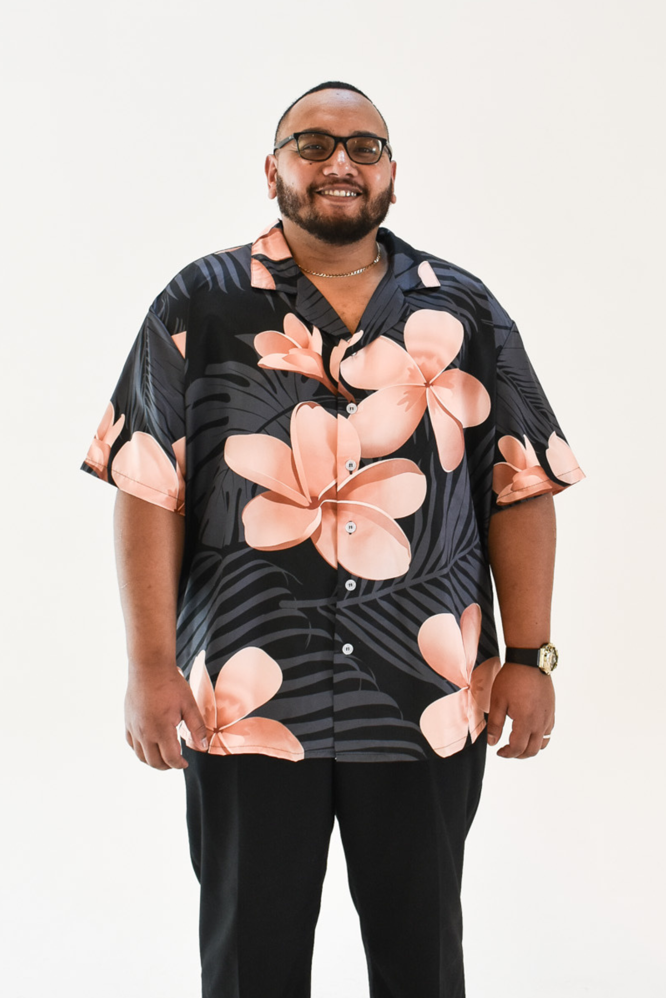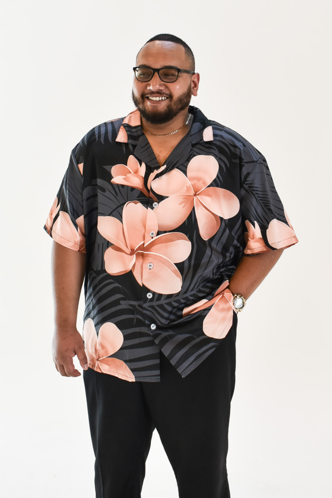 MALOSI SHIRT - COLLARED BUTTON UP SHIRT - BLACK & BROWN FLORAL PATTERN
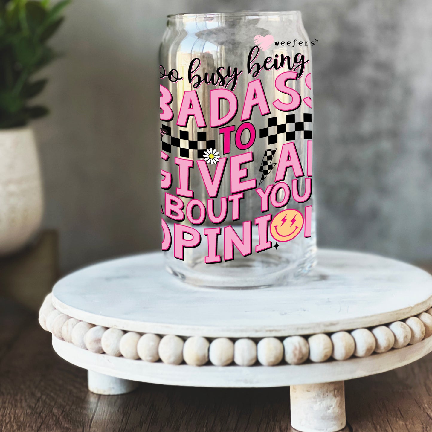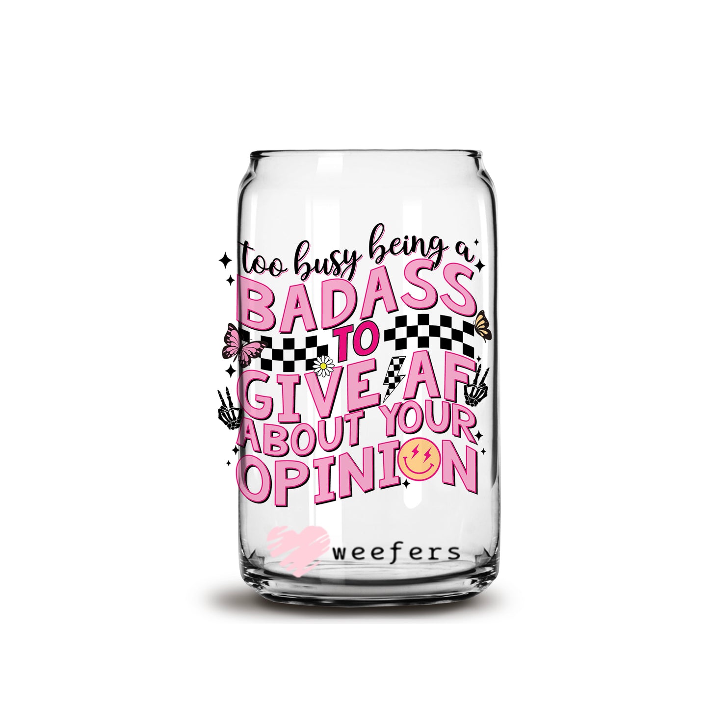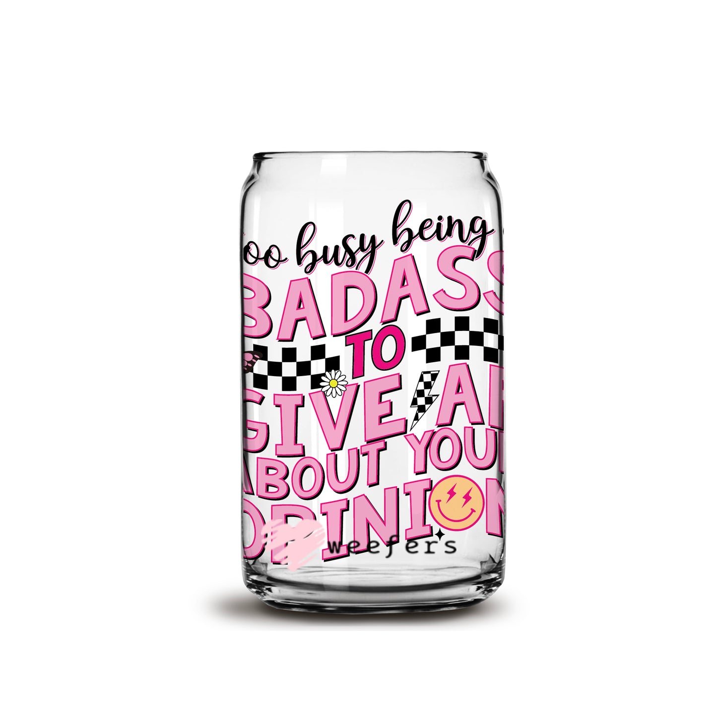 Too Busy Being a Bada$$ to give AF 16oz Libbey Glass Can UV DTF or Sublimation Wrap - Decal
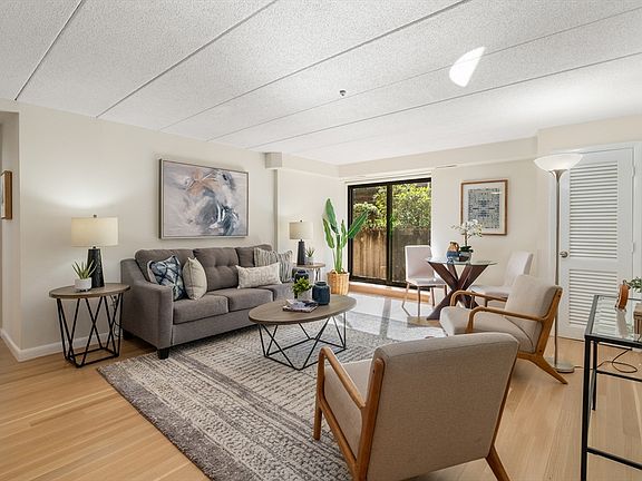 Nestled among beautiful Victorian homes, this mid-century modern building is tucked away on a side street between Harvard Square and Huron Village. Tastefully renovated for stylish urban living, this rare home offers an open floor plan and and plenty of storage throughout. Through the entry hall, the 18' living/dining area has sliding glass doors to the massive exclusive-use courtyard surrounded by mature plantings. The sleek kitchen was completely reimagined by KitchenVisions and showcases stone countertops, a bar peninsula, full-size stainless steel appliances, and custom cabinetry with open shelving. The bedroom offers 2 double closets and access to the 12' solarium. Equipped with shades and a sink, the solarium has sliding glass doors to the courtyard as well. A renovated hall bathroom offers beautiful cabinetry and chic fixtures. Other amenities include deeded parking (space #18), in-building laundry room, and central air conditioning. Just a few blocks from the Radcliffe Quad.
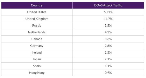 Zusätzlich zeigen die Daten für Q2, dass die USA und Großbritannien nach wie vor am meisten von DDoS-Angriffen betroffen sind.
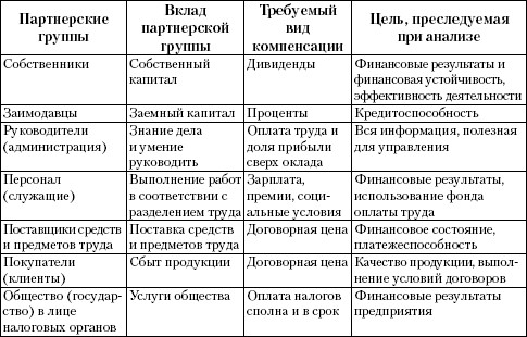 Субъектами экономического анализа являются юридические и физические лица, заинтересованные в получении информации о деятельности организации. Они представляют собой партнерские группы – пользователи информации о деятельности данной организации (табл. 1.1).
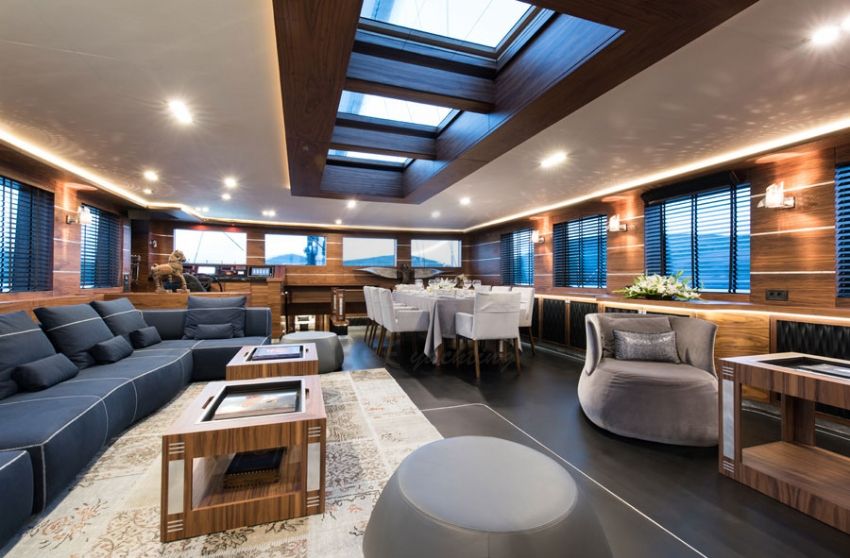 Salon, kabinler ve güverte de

Task details: May I have only the lines from the start of the data through the line containing "Too Busy Being", both included, reproduced exactly and without the pictures?

Output below:
 MALOSI SHIRT - COLLARED BUTTON UP SHIRT - BLACK & BROWN FLORAL PATTERN
 Too Busy Being a Bada$$ to give AF 16oz Libbey Glass Can UV DTF or Sublimation Wrap - Decal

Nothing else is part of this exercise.